Elk Grove schools announced last week that the district would stop serving peanut products in its elementary schools in response to the death last month of 13-year-old Natalie Giorgi.

Bahna believes total peanut bans are impossible to implement, and he worries that they create a false sense of trust in the safety of foods prepared by others.

"The schools have been unable to be drug-free or gun-free," he said. "Schoolchildren with food allergies should eat food prepared by parents at home."

Last week, the U.S. House of Representatives passed a groundbreaking measure that would expand access to epinephrine autoinjectors in schools, which the president needs to sign, Kozar said.

But Giorgi's case is a reminder that emergency treatment can still fail. Giorgi's father, a Sacramento doctor, administered three EpiPens before his daughter stopped breathing. "That EpiPens may not always work," Kozar said, "is truly a new level of torture to the mind."

After the harrowing experience from the bite of sauce, Kozar presented her daughter with two choices. The first involved being "the bubble child": home-schooling, no sports and no play dates.

Kylie opted for the second. " 'I want to live in the real world and help others.' She said that at age 7," Kozar said. Kylie and her mother have since become national advocates for food allergy awareness.

Melissa Engel, 18, of Illinois has survived a childhood with multiple life-threatening food allergies, including peanuts. She said that awareness is "definitely already getting better since I was younger – the labeling is getting better."

But this fall she faces a new challenge: college. In a month, Engel heads to Emory University in Atlanta. She eventually wants to be a pediatrician.
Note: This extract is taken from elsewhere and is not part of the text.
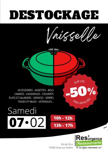 | Le 07/02/2026 à Scey sur Saône et Saint-Albin Destockage vaisselle La ressourcerie Res’urgence organise un déstockage sur tout son rayon vaisselle le samedi 7 février. Assiettes, verres et autres objets du quotidien seront proposés à -50 % sur les prix affichés, dans une ambiance de chasse aux trésors du réemploi. Lieu : Ressourcerie Res'urgence, ZA de l'écu, SCEY-SUR-SAONE |

"Next year, I'm going to have to be trusting other people to be making my food. But you can't live your life in total fear. I'm very careful," Engel said. "If I have a bad feeling about something, I just don't eat it," she said.

"Once you're an adult, I think that's easiest because you can make your own food. And be in control. That's what's hardest – is that you can't always be in control having allergies," Engel said.